Works better to use double-hash instead of itex and double-dollar instead of tex tags.

Nitpick: density may vary with all three Cartesian coordinates at the same time.

i.e. $\rho(x,y,x)=\rho_0e^{-(x^2+y^2+z^2)}$ ... would be a spherical cloud of matter centered on the origin.

You wanted to do: $\rho=m/V \implies \rho V=m$ - differentiate both sides wrt V.

$$V\frac{d\rho}{dV}+\rho = \frac{dm}{dV}$$... does the density depend on the volume?
Maybe increasing the volume of a container also sucks more material into it?
When we are playing with these definitions, we have to be careful about what the system is.

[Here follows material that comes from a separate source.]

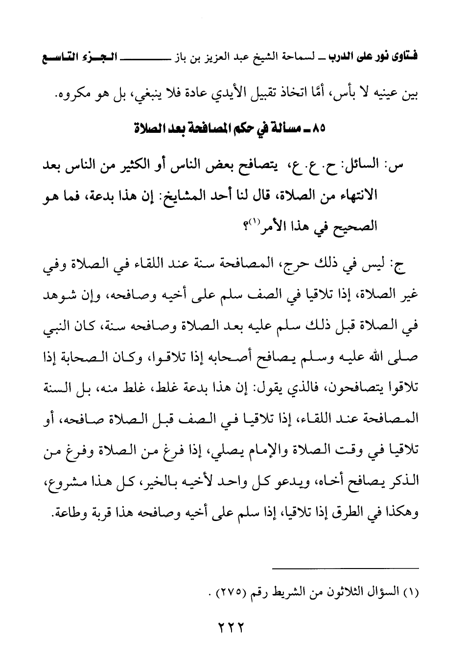 س: السائل: ح. ع. ع، يتصافح بعض الناس أو الكثير من الناس بعد الانتهاء من الصلاة، قال لنا أحد المشايخ: إن هذا بدعة، فما هو الصحيح في هذا الأمر (¬1)؟

This is why I was careful to define dm as the amount of mass in volume dV (at some position $\small{\vec{r}}$)

Last edited: Mar 27, 2014
6. Mar 28, 2014

### felipeek

Guys, thank you so much for your answers. It really helped me a lot.

@SimonBridge: I understood all you have said and it really makes sense. In fact, the density must be a function of a 3D vector, since every volume element $dV$ on the xyz graph has their own density. However, it is still hard to me to understand some things. I don't know why but when Physics is mixed with calculus it gets really hard to understand :P. For example, I can't understand the physical meaning of this function $m(\vec r)$. What is m? Is m the mass in the position $\vec r$? But shouldn't the mass of the exact point $(\vec r)$ be a differential of mass?

Other thing that I would like to ask: In your second post you made a nice demonstration about density varying with all coordinates at the same time. But then you took the original expression $\rho=m/V$ and did a "pure-mathematical" thing - putting in that way - and transformed the original equation using implict differentiation into $V\frac{d\rho}{dV}+\rho = \frac{dm}{dV}$.Mathematically, it's easy to understand what you did, but this new expression is not the same as $\rho=dm/dV$, I guess. At least it is not the same when the density depends on the volume. So here's the question: Is the last expression a particular version of this general expression (Particularly, when $\rho$ does not depends on $V$)? Actually, this is other thing that I have troubles with. Sometimes the demonstration of physics expressions are done taking a known-expression and changing it using math, like you did. If the math is correct, can I be sure that the resultant expression is also physically correct?

I'm sorry with the size of my text, I tried to explain my doubts in the best way possible :P. And unfortunately english isn't my first language, so it makes even harder to me to write (if you find grammar mistakes this is why :P)

Thank you very much everyone!!!

7. Mar 28, 2014

### Simon Bridge

it's supposed to represent a mass distribution
http://en.wikipedia.org/wiki/Mass_distribution
... but you are right, I'm being sloppy.

Look what happens if the density does not vary with volume.

Note - if the total mass is a constant but the volume changes then $d\rho/dV = -m/V^2$
This may happen for a gas in a closed syringe.

8. Mar 28, 2014

### HomogenousCow

Point is, you need densities to formulate useful differential equations.
The various field equations in integral form, are not very useful for computational purposes.